Stored items from a collection
--- --- ---

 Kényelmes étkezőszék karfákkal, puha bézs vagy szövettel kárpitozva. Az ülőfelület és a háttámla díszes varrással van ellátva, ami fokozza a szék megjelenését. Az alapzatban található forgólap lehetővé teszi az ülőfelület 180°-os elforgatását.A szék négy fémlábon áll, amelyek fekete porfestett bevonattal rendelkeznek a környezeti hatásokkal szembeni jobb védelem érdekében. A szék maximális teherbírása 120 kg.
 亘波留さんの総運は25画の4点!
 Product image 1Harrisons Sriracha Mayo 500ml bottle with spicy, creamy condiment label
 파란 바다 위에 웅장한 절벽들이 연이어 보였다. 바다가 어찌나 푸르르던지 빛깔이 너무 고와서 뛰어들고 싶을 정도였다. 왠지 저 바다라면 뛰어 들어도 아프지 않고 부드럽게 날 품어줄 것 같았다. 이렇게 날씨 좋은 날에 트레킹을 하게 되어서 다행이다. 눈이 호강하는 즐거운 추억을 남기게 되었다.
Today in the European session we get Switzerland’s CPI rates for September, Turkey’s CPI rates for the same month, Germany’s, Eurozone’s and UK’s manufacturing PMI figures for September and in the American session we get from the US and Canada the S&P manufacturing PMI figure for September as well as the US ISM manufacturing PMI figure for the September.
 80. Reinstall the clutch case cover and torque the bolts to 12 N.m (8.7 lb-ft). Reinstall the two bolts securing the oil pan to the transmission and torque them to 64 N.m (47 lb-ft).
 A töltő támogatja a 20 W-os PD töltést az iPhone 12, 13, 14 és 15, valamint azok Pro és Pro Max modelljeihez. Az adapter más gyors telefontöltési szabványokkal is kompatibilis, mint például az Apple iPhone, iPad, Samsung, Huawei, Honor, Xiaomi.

--- --- ---

# TASK PROMPT:
The lines from the one containing "Today in the" through the end of the data are to be copied exactly, the first and last of them included.

# EXPECTED OUTPUT:
Today in the European session we get Switzerland’s CPI rates for September, Turkey’s CPI rates for the same month, Germany’s, Eurozone’s and UK’s manufacturing PMI figures for September and in the American session we get from the US and Canada the S&P manufacturing PMI figure for September as well as the US ISM manufacturing PMI figure for the September.
 80. Reinstall the clutch case cover and torque the bolts to 12 N.m (8.7 lb-ft). Reinstall the two bolts securing the oil pan to the transmission and torque them to 64 N.m (47 lb-ft).
 A töltő támogatja a 20 W-os PD töltést az iPhone 12, 13, 14 és 15, valamint azok Pro és Pro Max modelljeihez. Az adapter más gyors telefontöltési szabványokkal is kompatibilis, mint például az Apple iPhone, iPad, Samsung, Huawei, Honor, Xiaomi.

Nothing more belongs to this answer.